ABSTRACT
In terrestrial mammals, the tear film plays a vital role in maintaining the health of the ocular surface, by protecting against toxic challenges in the external environment, and thereby preserving visual acuity. These protective functions are critically dependent upon the integrity of the tear film structure, which comprises three layers: an underlying mucin foundation, a protein-rich aqueous component, and an overlying lipid layer. In a previous study, we determined that the tears of marine mammals do contain proteins, but that the tear film, examined using interferometry, appears to lack the lipid layer found in terrestrial mammals. This finding is significant in that it indicates that sea mammals use an alternative component, in lieu of lipid, to promote the stability of the tear film. We have also shown previously that there is a high likelihood that mucins, large glycoproteins, are present in the tears of marine mammals. We hypothesize that proteins secreted over the ocular surface, including mucins, provide stability to the tear film.
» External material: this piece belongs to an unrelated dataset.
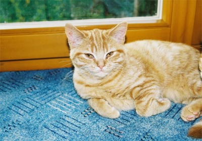 Majka seděla na prahu pokoje, normálně se k těm lidem měla, tulila se, bez rozloučení s Hankou nasedla do přepravky a už nebyla naše. Mě to připomnělo můj odjezd z domova, já taky nasedl do bedny a už jsem se na svojí maminku ani nepodíval. A jednou na výstavě jsem se s ní potkal a dokonce jsem na ní vrčel a syčel a vůbec jsem jí neznal. Jo jo, jsou to nevděčná stvoření, ta koťata. A tak nám odjela naše poslední holčička až do České Třebové. Jo, tak už to v tom kočičím životě chodí, už jsem o tom jednou mluvil, nejde přeci, aby koťata zůstávala doma, i děti lidí odcházejí z domova, naše Věruna přeci taky odešla. Potom si zase mami s paní Zdenkou psaly a prý po cestě vůbec nebrečela, hrála si a doma v Třebové si jí hned očichal ten kocour a jejich starší kočka jí nabídla, že jí bude dělat maminku. Takže to určitě bude pro Mayku to nejlepší, co jí mohlo potkat. Jo a protože je krásně červená, asi se bude jmenovat Karkulka :o)

In this study, we sought to determine: first, whether the tears of sea mammals, including the Pinnipedia (sea lions, seals) and Cetacea (dolphins), contain similar levels and types of proteins of lower molecular weight (15-250 kDa); and second, to determine whether such proteins were analogous to the major proteins identified in terrestrial mammal tears.
Tear samples from sea lions, seals, and dolphins were subjected to polyacrylamide gel electrophoresis to separate proteins. Protein banding patterns from marine and terrestrial mammals were similar. However, when protein bands from seals and sea lions were subjected to trypsin digestion for protein identification, subsequent proteomic analysis of samples did not yield any matches with known tear proteins of terrestrial mammals. These findings suggest that, whereas marine mammal tears contain similar concentrations, and ranges of molecular weights, of proteins, sea mammal tear proteins may be distinct from those of land mammals. The presence of a wide variety of proteins in marine mammal ocular secretions supports our hypothesis that proteins, in lieu of lipid, provide stability to the tear film.
Acknowledgements
We thank Dr. Sam Ridgway (U.S. Navy Marine Mammal Program, San Diego, CA), and Dolphin Quest Oahu for generously providing ocular secretion samples from bottlenose dolphins. We also thank Ed Latson, MS, DVM, Central Park Aquatic Health, and the Aquarium of Niagara, Niagara Falls, NY for donations of seal and sea lion tears. Pablo Argueso, Sandra Spurr-Michaud, and Stephen Richards (S.ER.I. & H.M.S., Boston, MA) provided excellent technical advice. This work was supported by grants from Arey's Pond Boat Yard, Inc. and N.I.H. [RO1EY05612].